Goldsmith then provides suggestions to facilitate church attendance for people with dementia, and detailed, sensitive guidance for visiting and conducting worship at home and in institutional settings, in addition to advice on how to develop a relationship with local nursing homes. Three appendices offer further resources. As well as helping to equip and encourage ‘occasional’ ministry, Goldsmith gives particular acknowledgement to and encouragement for carers who seek to bring their faith to their day-to-day ministry.

Finally – and all too briefly – Goldsmith gives further scriptural and theological pointers to help us to discern the gospel in the situation of dementia, referring particularly to the Passion narratives, and returning to the theme of God’s presence in exile with which he began.
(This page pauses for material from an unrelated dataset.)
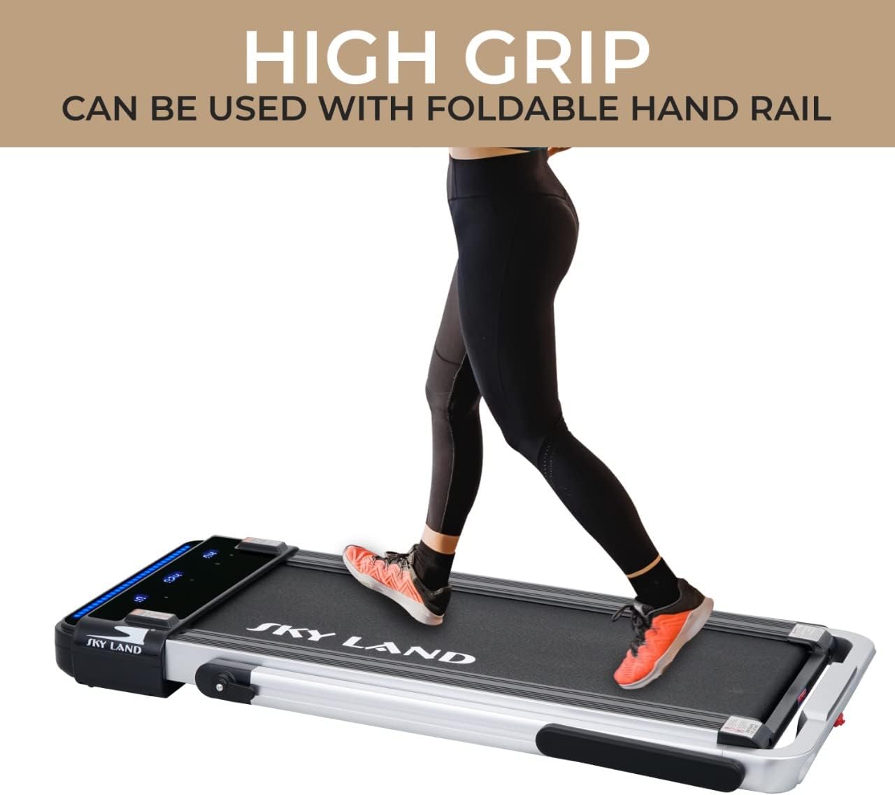 With a 2-in-1 foldable design, it works as a desk walking pad at 1?C6 km/h when the handrail is folded, and as a running treadmill up to 12 km/h when the handrail is raised.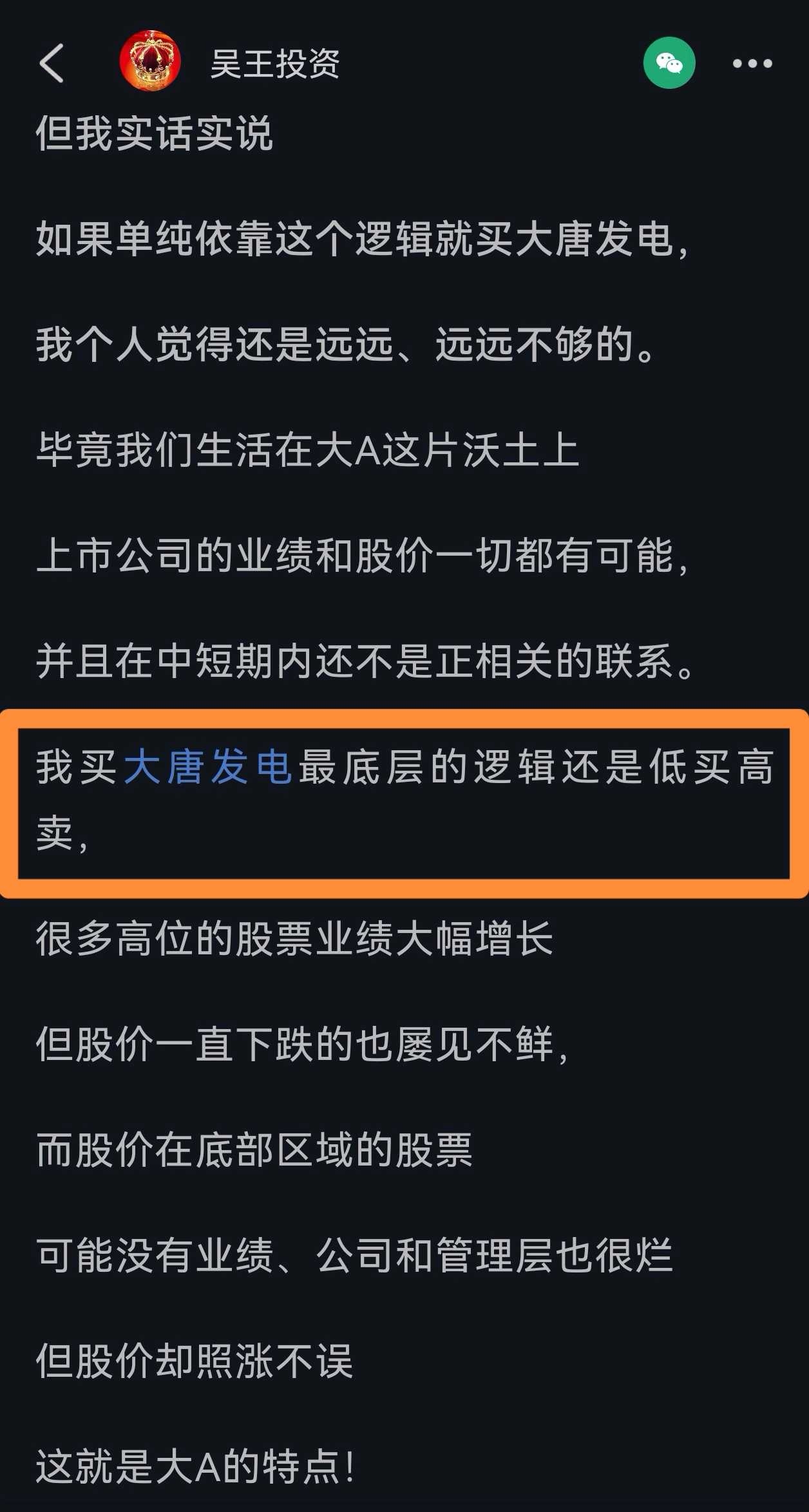 现在回头来看,她们确实应该把之前的言论全部删掉才对,主要是大唐发电的股价啪啪啪的打脸很疼啊![]()

Here, perhaps, is a place where readers might ask for more. We would undoubtedly be the richer for a more fully developed account of Goldsmith’s theological reflections arising from his research and experience.

Throughout, Goldsmith provides a wide range of resources, from summaries of recent work on dementia and dementia care to personal anecdotes, from the prayers with which each chapter closes to poetry and biographies. Goldsmith brings together a wealth of information, encouragement and practical advice not simply for churches and their leaders, but for all who are engaged in the care of people with dementia. In a Strange Land also offers family, friends and those beginning to come to terms with the onset of dementia a clear, honest and sympathetic resource to help with the questions to which a diagnosis of dementia gives rise. The riches in this volume serve to give all of us courage – people with dementia, families, carers, congregations and church leaders – in the realisation that there is indeed much we can do to ‘engage the mind, touch the heart, feed the soul’.